Nuclear Reactors 1263 - Kairos Power Is Receiving LIcenses From The NRC To Construct And Operate Their Hermes Molten Salt Reactor

Nuclear Reactors 1263 - Kairos Power Is Receiving LIcenses From The NRC To Construct And Operate Their Hermes Molten Salt Reactor

     The U.S. Nuclear Regulatory Commission (NRC) has just finished its Final Environmental Impact Statement (FEIS) on Kairos Power's application for a construction permit for the Hermes demonstration molten salt reactor at Oak Ridge, Tennessee. The NRC have recommended that the permit should be issued.
     Kairos submitted it permit application in two parts in September and October of 2021. The company began extensive pre-application engagement with the NRC in 2018. The NRC accepted Kairos’ Hermes construction permit application (CPA) for review in November of 2021.

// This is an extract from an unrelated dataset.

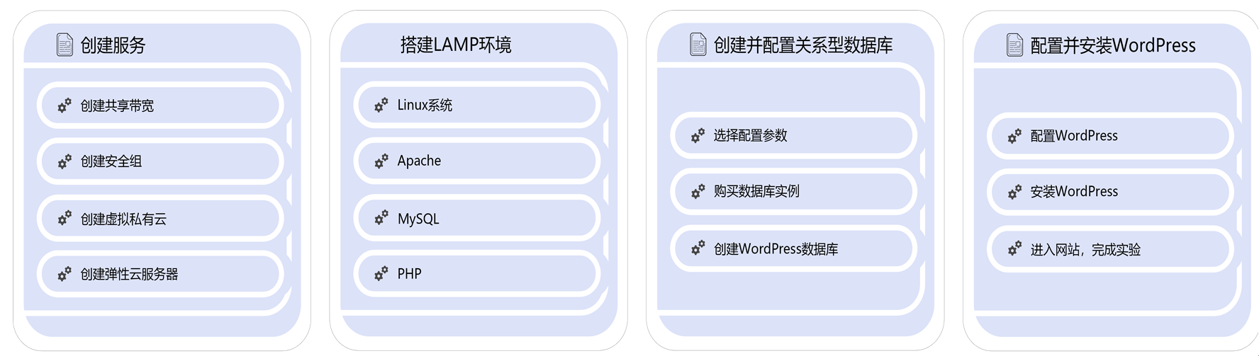 先来看看搭建网站的总体思路,完成一个网站应用的搭建需要操作以下5个步骤:创建共享带宽,让我们部署到云上的项目得以访问;然后创建所需要的安全组、虚拟私有云和弹性云服务器;搭建LAMP环境;创建网站所用的数据库;最后对网站进行设置。
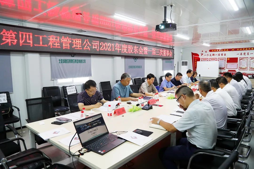 集团公司党委书记兼第四工程管理公司董事长潘寿林主持召开第四工程管理公司2021年度股东会暨一届三次董事会。在完成各项既定议案后,潘寿林主持召开管理公司施工生产动员会。集团公司副总经理兼第四工程管理公司经理刘小杰对目前管理公司在施工程建设情况及已竣未结工程结算情况进行了汇报。集团公司各系统领导就人才优化、施工管理、经营结算、资金管控、作风巡察及审计问题整改等工作提出意见和要求。

     Last June, the NRC issued a Final Safety Evaluation Report (FSER) for the Kairos application. The NRC concluded that there were no safety aspects that would preclude issuing a construction permit for the Hermes reactor.
     The NRC weighed the facility’s environmental, economic, technical, and other benefits against environmental and other impacts. The NRC staff have now issued the FEIS, also recommending that the permit should be issued.
     Kairos said that “This is the final document from NRC staff to support the commission hearing planned later this year and marks the formal conclusion of the environmental review for the Hermes construction permit application.”
     The NRC staff will provide the FEIS and FSER to the NRC for the mandatory hearing phase of the project. The hearing is expected to take place later this year. After the hearing, the NRC will vote on whether to authorize the staff to issue the permit.
     Marty Bryan is the Kairos Site Licensing Manager. He said that “We are grateful to the NRC staff for their thorough review and comprehensive engagement with us and with local stakeholders.”
     Darrell Gardner is the Senior Licensing Director at Kairos. He said, “The FEIS follows extensive engagement between Kairos Power and the NRC beginning in 2018. It builds upon selecting and characterizing an appropriate site for Hermes, engaging with the local community, and continuously communicating with stakeholders. We applaud the staff's steady progress toward closing out the Hermes CPA review and look forward to completing the mandatory hearing later this year.”
     Kairos will have to submit a separate application for an operating license. It will have to receive approval from the NRC before operating the Hermes reactor.
      Hermes is a thirty-five-megawatt thermal non-power version of the company’s fluoride salt-cooled high temperature reactor called the KP-FHR. It uses TRI-structural ISOtropic (TRISO) fuel pebbles with a low-pressure fluoride salt coolant. The demonstration Hermes reactor has been selected by the U.S. Department of Energy to receive six hundred and twenty-nine million dollars in cost-shared risk reduction funding over several years under the Advanced Reactor Demonstration Program. It is intended to provide operational data to support the development of a larger version for commercial deployment.
     A site in the East Tennessee Technology Park in Oak Ridge has been selected for the demonstration reactor. The TRISO fuel pebbles will be produced at the Los Alamos National Laboratory's Low Enriched Fuel Fabrication Facility under an agreement announced in late 2022. Kairos has also commissioned a plant to produce a high-purity fluoride salt-coolant known as Flibe in partnership with the Materion Corporation.
     Last month, Kairos submitted an application to the NRC for permission to construct the Hermes 2 plant next to the Hermes reactor at Oak Ridge. The Hermes 2 plant will consist of two thirty-five megawatt thermal reactors. Each of these reactors will be the same size as the original test reactor and they will share a power generation system. The Hermes 2 plant will generate and sell electricity. The NRC is currently assessing that application to determine if it is acceptable and complete enough to start the formal technical review process.